The album grew on me the more I listened to it, but part of me couldn’t quite picture myself being an Idlewild devotee. The band hit all the right points for me — lots of guitars, a singer with British brogue, a set of catchy songs — but I could sense I wouldn’t need more than one or two albums from them.
I had semi-consciously decided that if money got tight, 100 Broken Windows would be destined for a used CD bin. In 2002, money did get tight — I got laid off when the dot-com bubble burst, and the few bucks I got for the CD went toward petty cash.
At the same time, I knew the album wasn’t so bad that I never wanted to hear it again. So I ripped it before I let it go, then shelved the CD-ROM in the closet.
Fast forward 12 years later …
My rediscovery of vinyl spurred me to re-evaluate those decisions to let items in my collection wander off. I pulled out the CD-ROMs housing albums I sold for cash — 100 Broken Windows included — and gave them another play.
Yeah, I was dumb.
I may have never been destined to be an Idlewild fan, but I couldn’t deny being a fan of 100 Broken Windows. The album lost none of the appeal in the years since I first encountered it. To be honest, I’d find myself craving to hear “A Little Discourage” from time to time.
The album even got a reissue in the UK, supplemented with b-sides and extra tracks. I just settled to find a used copy for fewer than $5.

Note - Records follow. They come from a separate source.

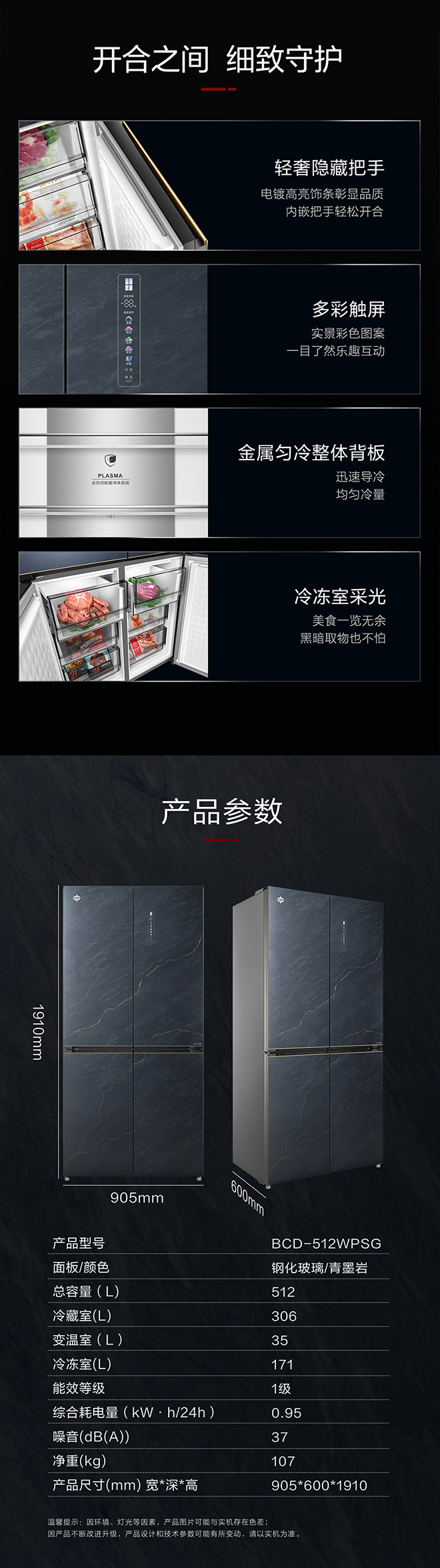 -38℃超凍鎖鮮;PLASMA全空間除菌凈味;平齊不凸出;雙通道循環(huán)散熱
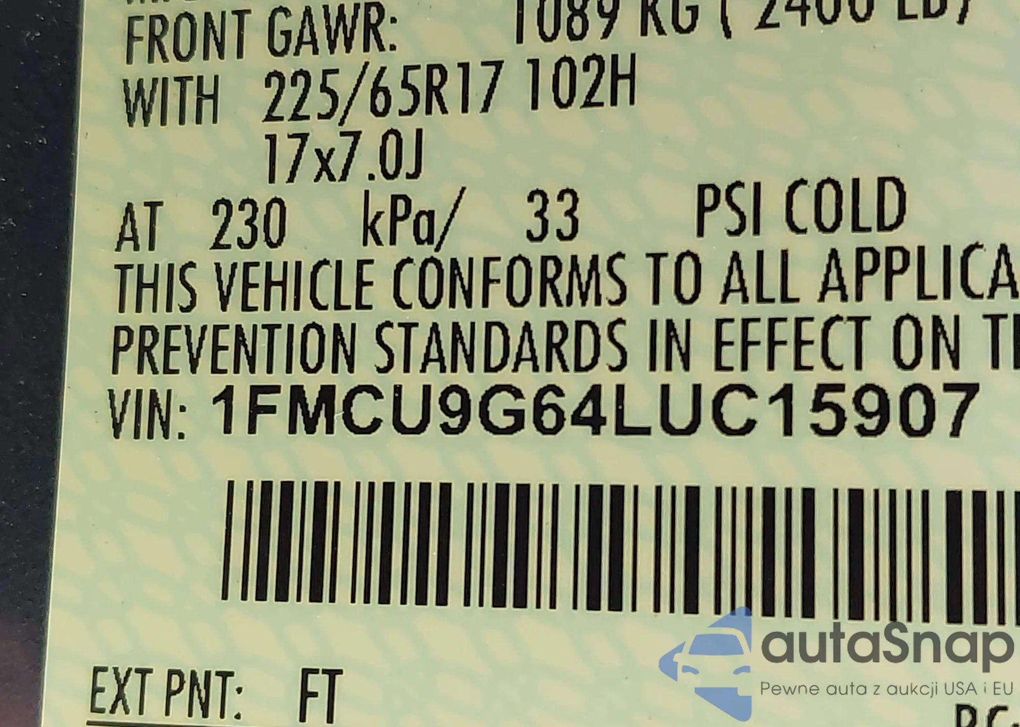 VIN: 1FMCU9G64LUC15907
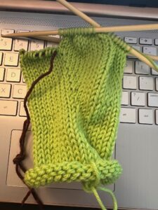 Knitting a bright green Nola mitten on a cozy fall morning.

100 Broken Windows wasn’t the only victim of my short-sightedness. Maná’s MTV Unplugged, John & Mary’s The Weedkiller’s Daughter and Sugababes’ One Touch were albums that I liked more than I realized at the time.
At the time I sold them, I tried to picture whether ambivalence would set in years down the line. I gambled that my feelings for them would change for the worse and used that supposition to justify culling them from my collection.